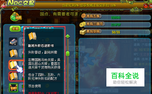 副将升阶石进阶书【6级】,制作四阶元神升阶石【6】、五阶元神升阶石【7】、六阶元神升阶石【8】,在【魏国跑马岭关驿】、【吴国北固山关驿】以及【蜀国古道关驿】等地的千货商处可购买,费用为40W三国币。
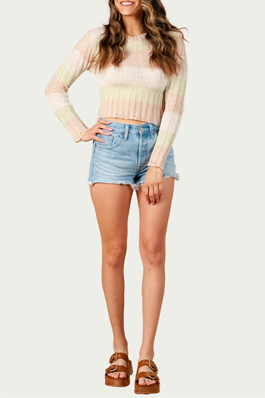 Deals π Lucca π© women Tulip Lghtweight Open-Knit Striped Sweater In Green Stripe π―
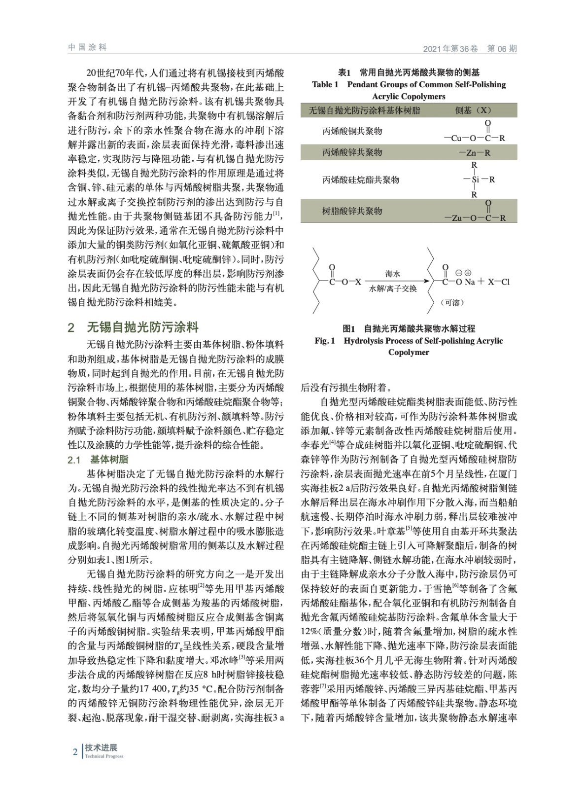 涂裝防污涂料是涉海裝備規避海洋生物污損的有效手段。目前,防污涂料市場主流產品為無錫自拋光防污涂料(TFSPC),就無錫自拋光防污涂料的原理及其主要組分的研究應用現狀進行了論述。
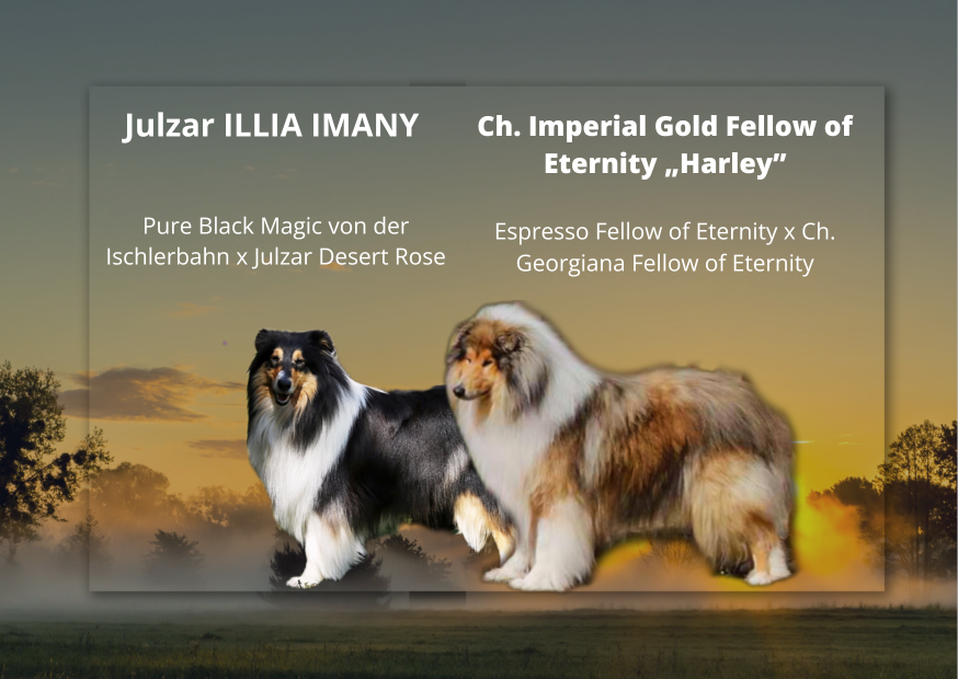 Vrh B Šteniatka vznikli spojením Julzar ILLIA IMANY x Ch. Imperial Gold Fellow of Eternity „Harley“ Ide o druhé spojenie, z ktorého vznikli dva krásne psíky. Na svet prišli 20.05.2024. So sestrami Rodičia
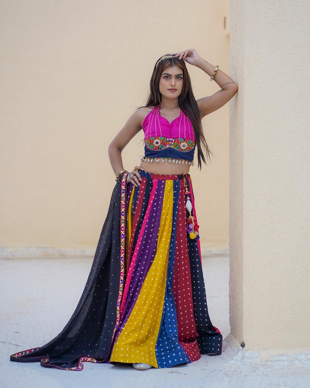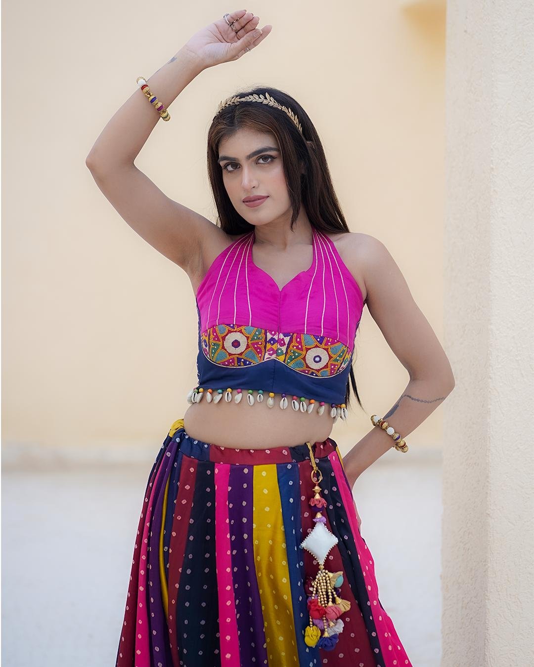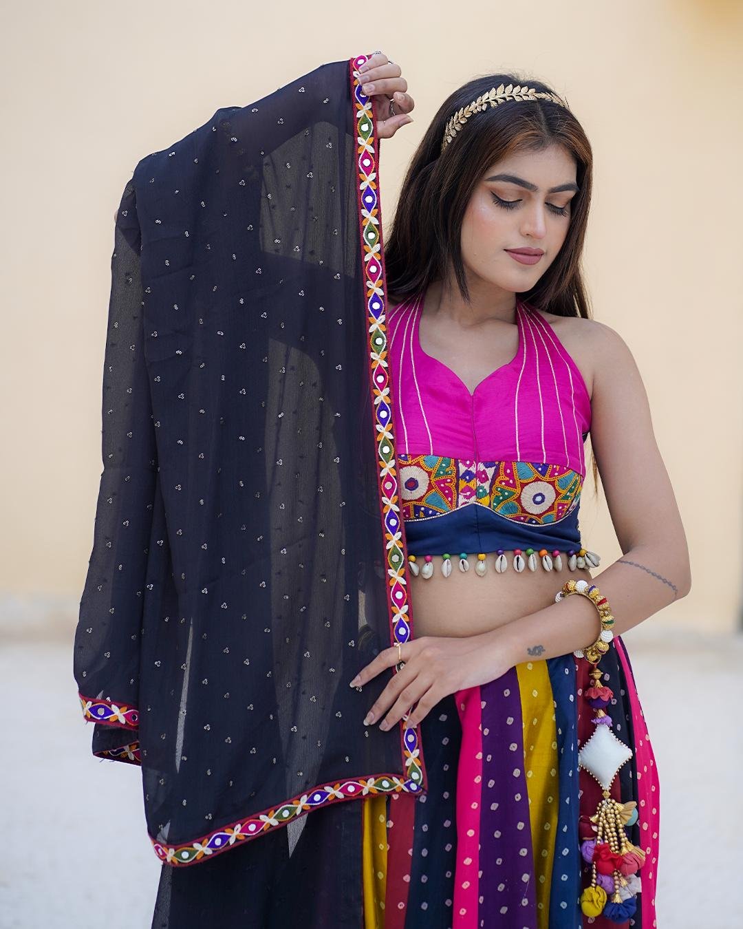 Vibrant Multicolor Bandhani lehenga in premium Gaji Silk. Features a stylish Halter Neck blouse with Kachi work and a Georgette dupatta with a traditional Gamthi border.
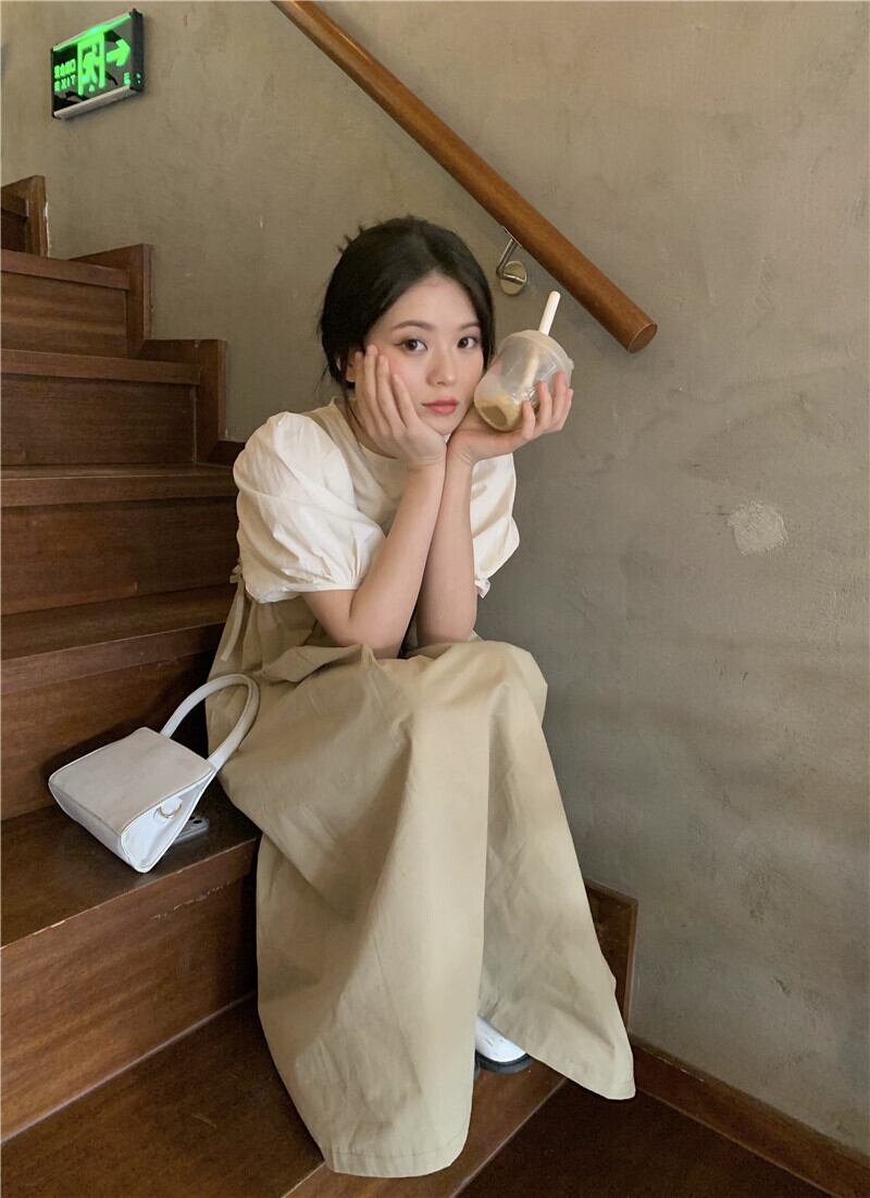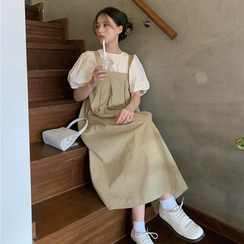 色:グレートップ,アプリコットトップ,白いストラップドレス,カーキストラップドレス
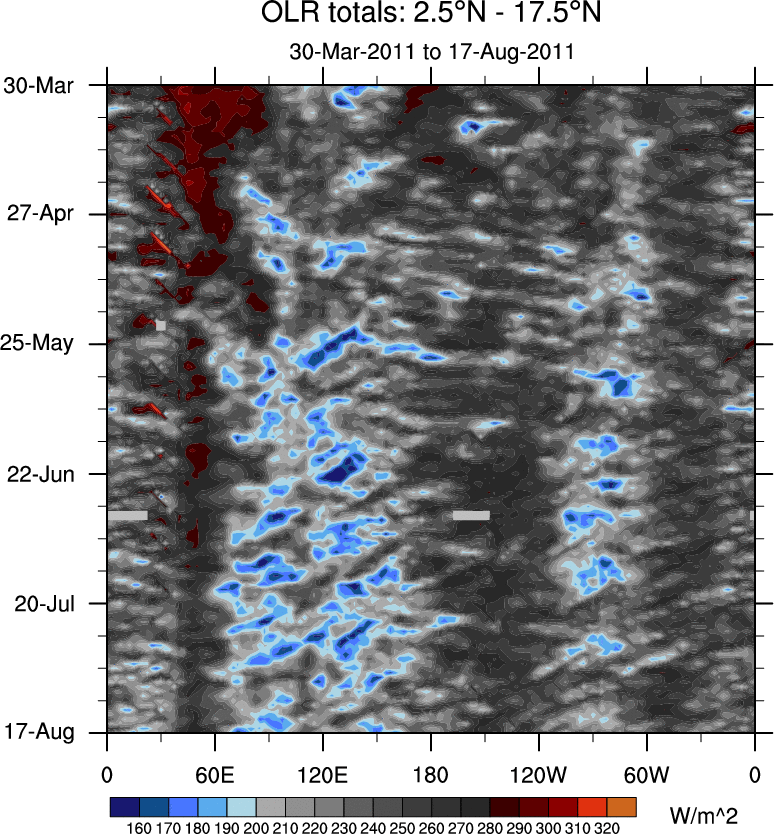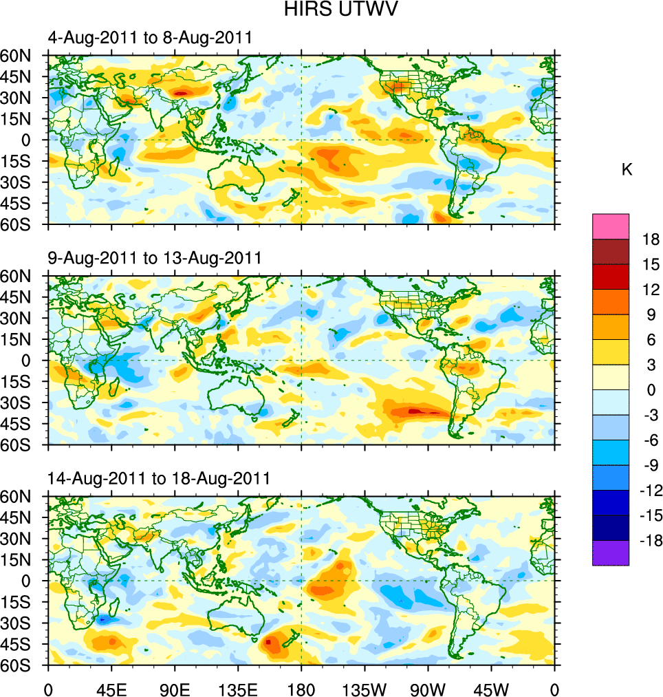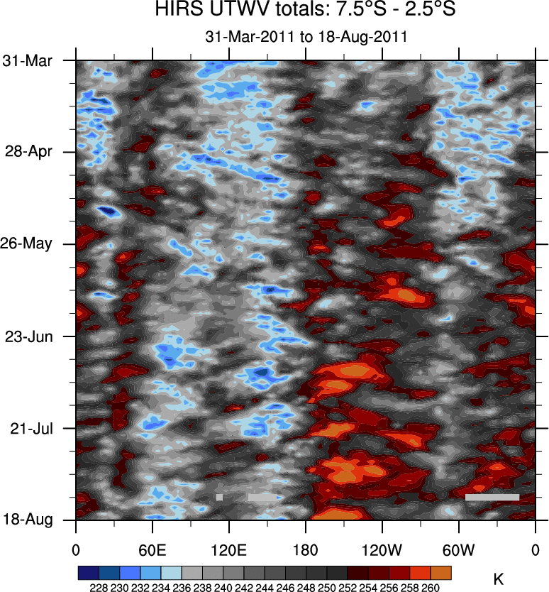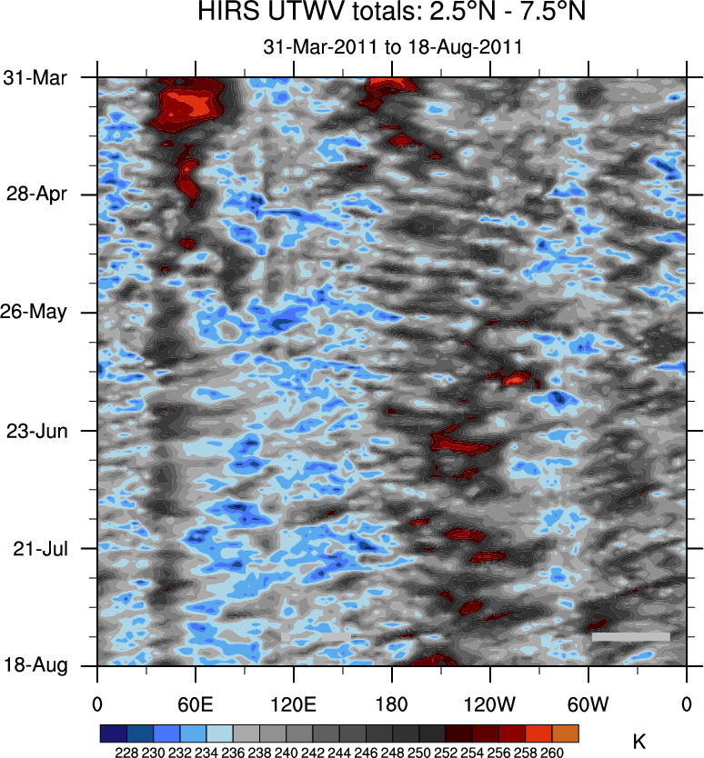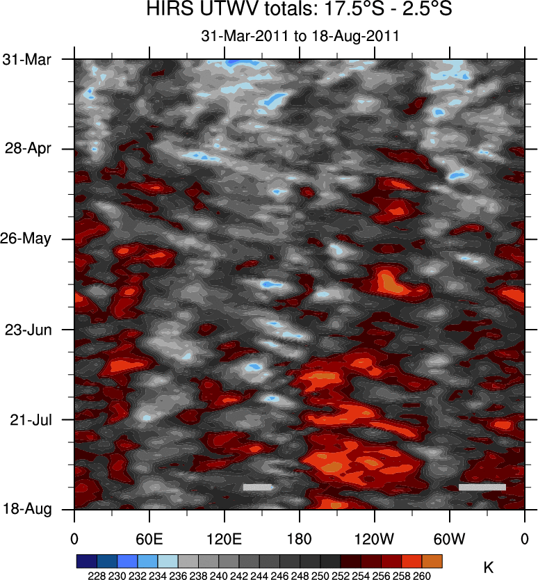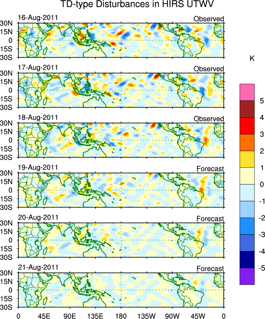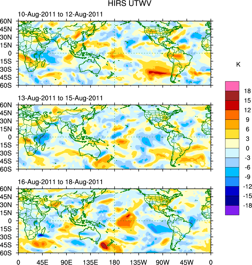 To identify tropical waves in near real-time, the OLR and UTWV data are filtered following Wheeler & Weickmann (2001 MWR). The daily anomalies are calculated using the first 3 harmonics of the seasonal cycle for 1979–2009. Missing values are then filled using linear interpolation in space and time. The most recent 365 days of anomalies are padded with 659 days of zeroes, and the result is filtered for each wave type.
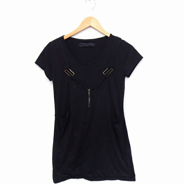 【中古】Chortie チュニック レイヤード風 金具 ジッパー 丸首 半袖 M ブラック 黒 /FT38 レディース 【ベクトル 古着】 210429
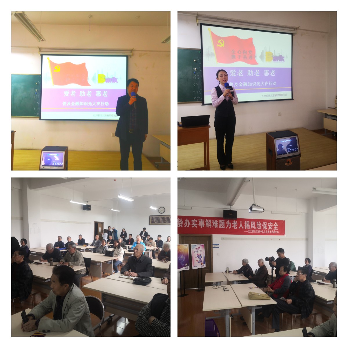 为进一步提高我校离退休教职工的安全防范意识和网银使用能力,有效预防老年人被诈骗案件的发生,4月27日下午, 离退休人员管理处特邀光大银行太原分行解放南路支行大堂经理霍文婷走进中北大学老年大学,为老同志带来 “提防诈骗、安全夕阳”老年人防诈骗金融讲座。
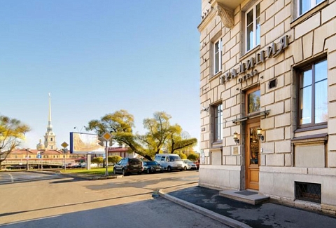 Самолетом до аэропорта Пулково (г. Санкт-Петербург) , далее на рейсовом автобусе №39 до остановки «ст. м. Московская», далее на метро до станции «Горьковская», далее пройти пешком 1,3 км или на любом трамвае до остановки «Проспект Добролюбова», затем 60 м до отеля.
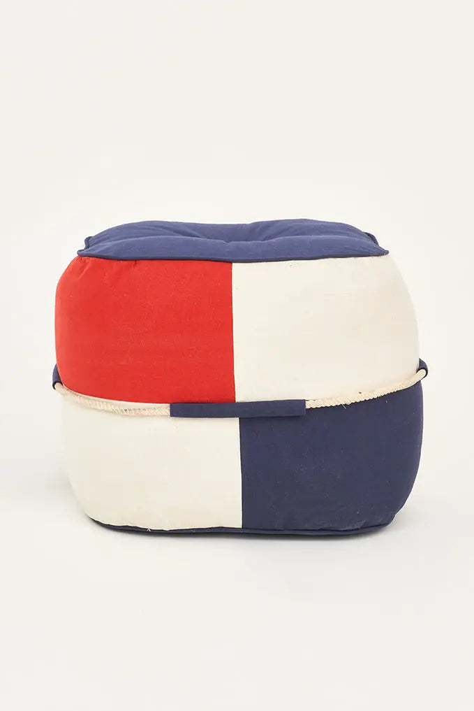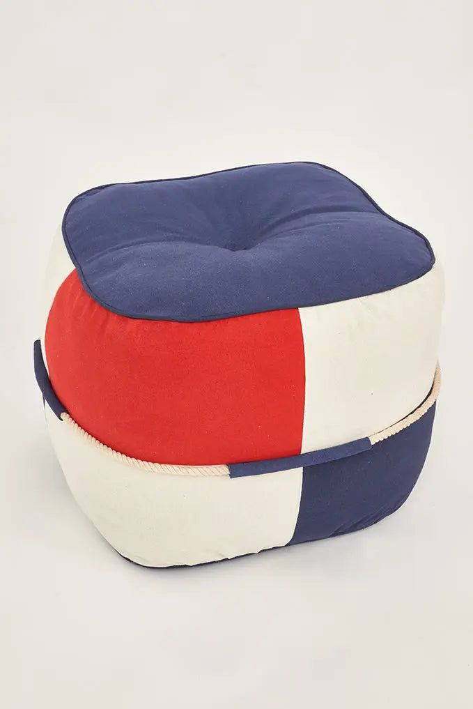 Puf náutico en algodón y cuerda: estilo fresco y marinero renueva tu espacio con nuestro puf náutico, confeccionado en algodón y cuerda. Su vibrante diseño a cuadros en colores azul, blanco y rojo le da un estilo fresco y marinero. Este puf no solo es una adición funcional, sino también un elemento decorativo que aportará un toque de vitalidad a tu sala de estar o cualquier rincón de tu hogar. Dimensiones: l: 45 cm – h: 40 cm.

▶ [ASSIGNMENT]: In the listing above, find the line with "Vrh B Šteniatka" and output it and every line after it up to and including the line with "色:グレートップ,アプリコッ", exactly, minus the pictures.

▶ [RESULT OF THE TASK]:
 Vrh B Šteniatka vznikli spojením Julzar ILLIA IMANY x Ch. Imperial Gold Fellow of Eternity „Harley“ Ide o druhé spojenie, z ktorého vznikli dva krásne psíky. Na svet prišli 20.05.2024. So sestrami Rodičia
 Vibrant Multicolor Bandhani lehenga in premium Gaji Silk. Features a stylish Halter Neck blouse with Kachi work and a Georgette dupatta with a traditional Gamthi border.
 色:グレートップ,アプリコットトップ,白いストラップドレス,カーキストラップドレス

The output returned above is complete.